Problem to work on> Starting at the first line of the records below, reproduce every line up to and including the line with "Tre hästar befinner", but leave out all pictures.

Material provided>
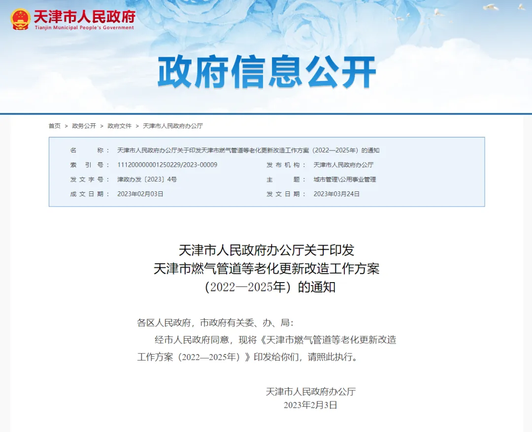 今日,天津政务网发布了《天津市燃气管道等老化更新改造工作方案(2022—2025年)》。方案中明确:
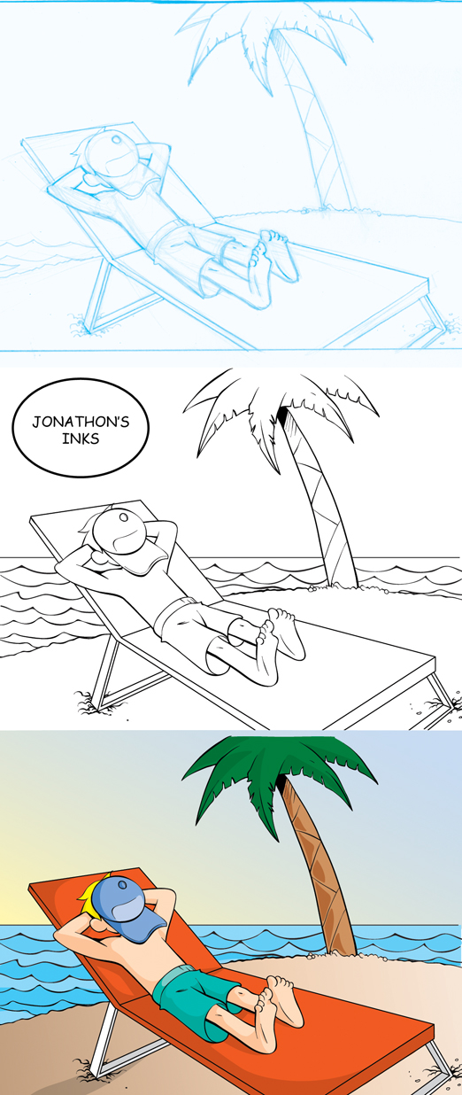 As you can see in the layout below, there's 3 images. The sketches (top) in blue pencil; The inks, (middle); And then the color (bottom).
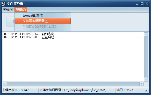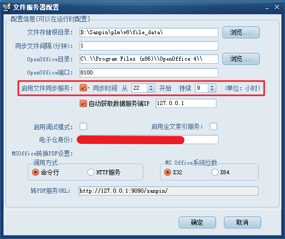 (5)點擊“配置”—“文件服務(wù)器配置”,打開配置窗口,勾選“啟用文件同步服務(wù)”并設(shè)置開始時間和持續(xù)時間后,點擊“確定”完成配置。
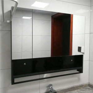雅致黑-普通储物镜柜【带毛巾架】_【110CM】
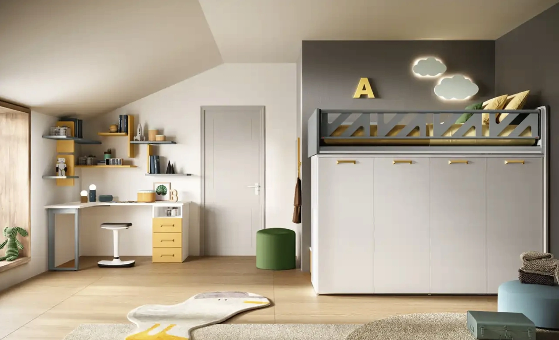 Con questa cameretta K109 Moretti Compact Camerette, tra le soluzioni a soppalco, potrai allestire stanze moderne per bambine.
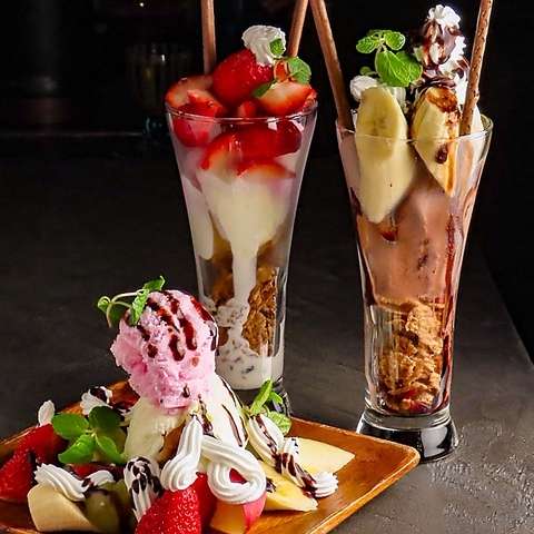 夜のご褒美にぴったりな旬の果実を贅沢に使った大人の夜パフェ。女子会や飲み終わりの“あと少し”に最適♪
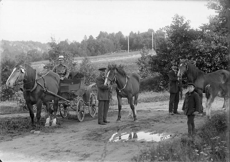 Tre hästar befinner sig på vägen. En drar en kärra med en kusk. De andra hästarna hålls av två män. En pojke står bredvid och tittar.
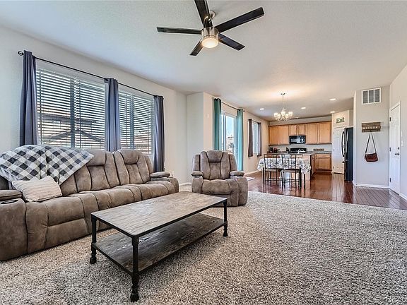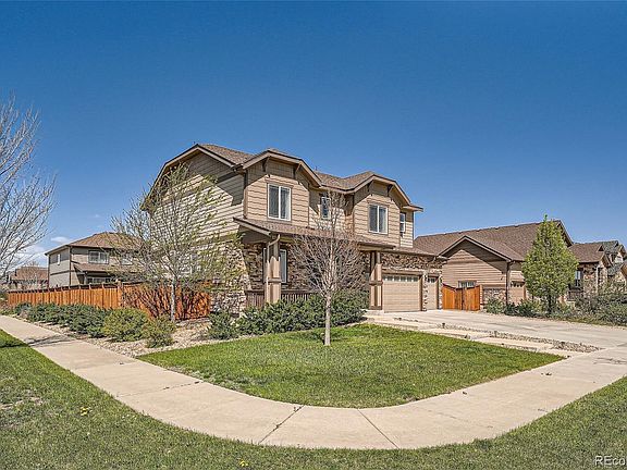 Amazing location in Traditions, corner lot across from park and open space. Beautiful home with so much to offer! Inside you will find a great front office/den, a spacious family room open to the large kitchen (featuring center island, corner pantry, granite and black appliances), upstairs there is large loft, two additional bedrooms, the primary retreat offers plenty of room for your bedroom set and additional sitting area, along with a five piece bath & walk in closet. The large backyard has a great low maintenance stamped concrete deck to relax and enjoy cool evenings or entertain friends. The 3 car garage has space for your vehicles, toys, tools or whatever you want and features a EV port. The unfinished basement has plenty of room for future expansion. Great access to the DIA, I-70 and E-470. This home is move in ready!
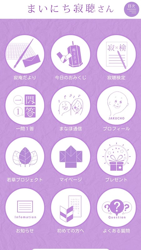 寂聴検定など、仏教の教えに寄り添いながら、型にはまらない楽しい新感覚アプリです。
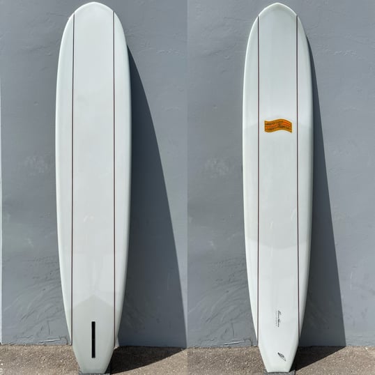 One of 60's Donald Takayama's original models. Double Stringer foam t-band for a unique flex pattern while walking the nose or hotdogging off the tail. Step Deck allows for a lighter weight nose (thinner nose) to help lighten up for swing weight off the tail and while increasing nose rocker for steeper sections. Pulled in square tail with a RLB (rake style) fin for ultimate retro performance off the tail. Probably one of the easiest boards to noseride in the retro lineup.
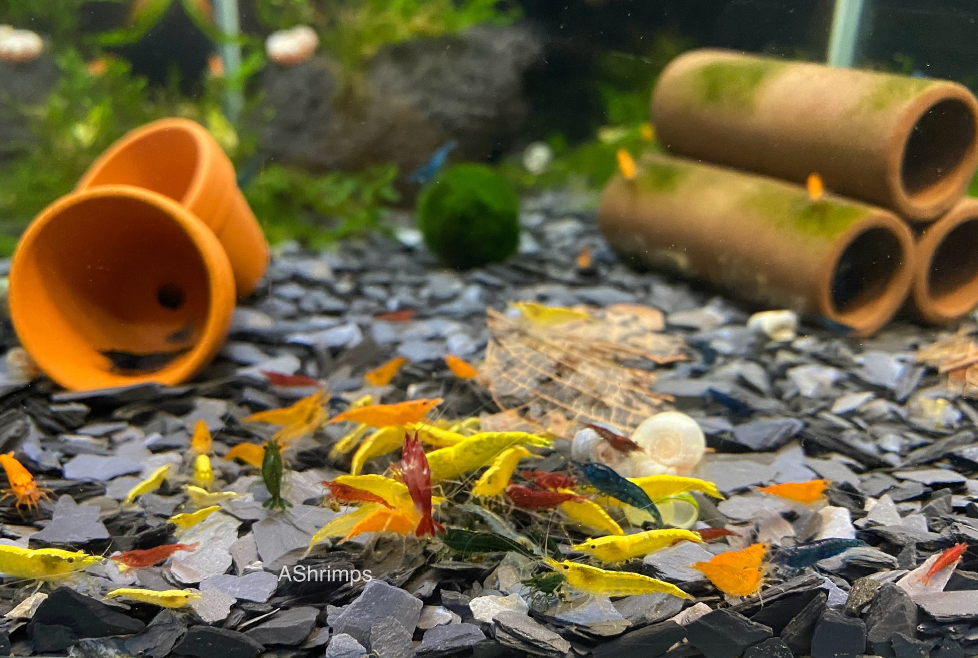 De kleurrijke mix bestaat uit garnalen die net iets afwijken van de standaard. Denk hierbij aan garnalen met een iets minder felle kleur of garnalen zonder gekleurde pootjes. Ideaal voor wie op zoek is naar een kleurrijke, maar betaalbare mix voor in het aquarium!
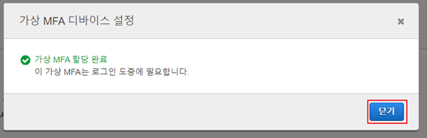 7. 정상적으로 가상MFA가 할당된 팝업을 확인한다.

Result for this task>
 今日,天津政务网发布了《天津市燃气管道等老化更新改造工作方案(2022—2025年)》。方案中明确:
 As you can see in the layout below, there's 3 images. The sketches (top) in blue pencil; The inks, (middle); And then the color (bottom).
 (5)點擊“配置”—“文件服務(wù)器配置”,打開配置窗口,勾選“啟用文件同步服務(wù)”并設(shè)置開始時間和持續(xù)時間后,點擊“確定”完成配置。
雅致黑-普通储物镜柜【带毛巾架】_【110CM】
 Con questa cameretta K109 Moretti Compact Camerette, tra le soluzioni a soppalco, potrai allestire stanze moderne per bambine.
 夜のご褒美にぴったりな旬の果実を贅沢に使った大人の夜パフェ。女子会や飲み終わりの“あと少し”に最適♪
 Tre hästar befinner sig på vägen. En drar en kärra med en kusk. De andra hästarna hålls av två män. En pojke står bredvid och tittar.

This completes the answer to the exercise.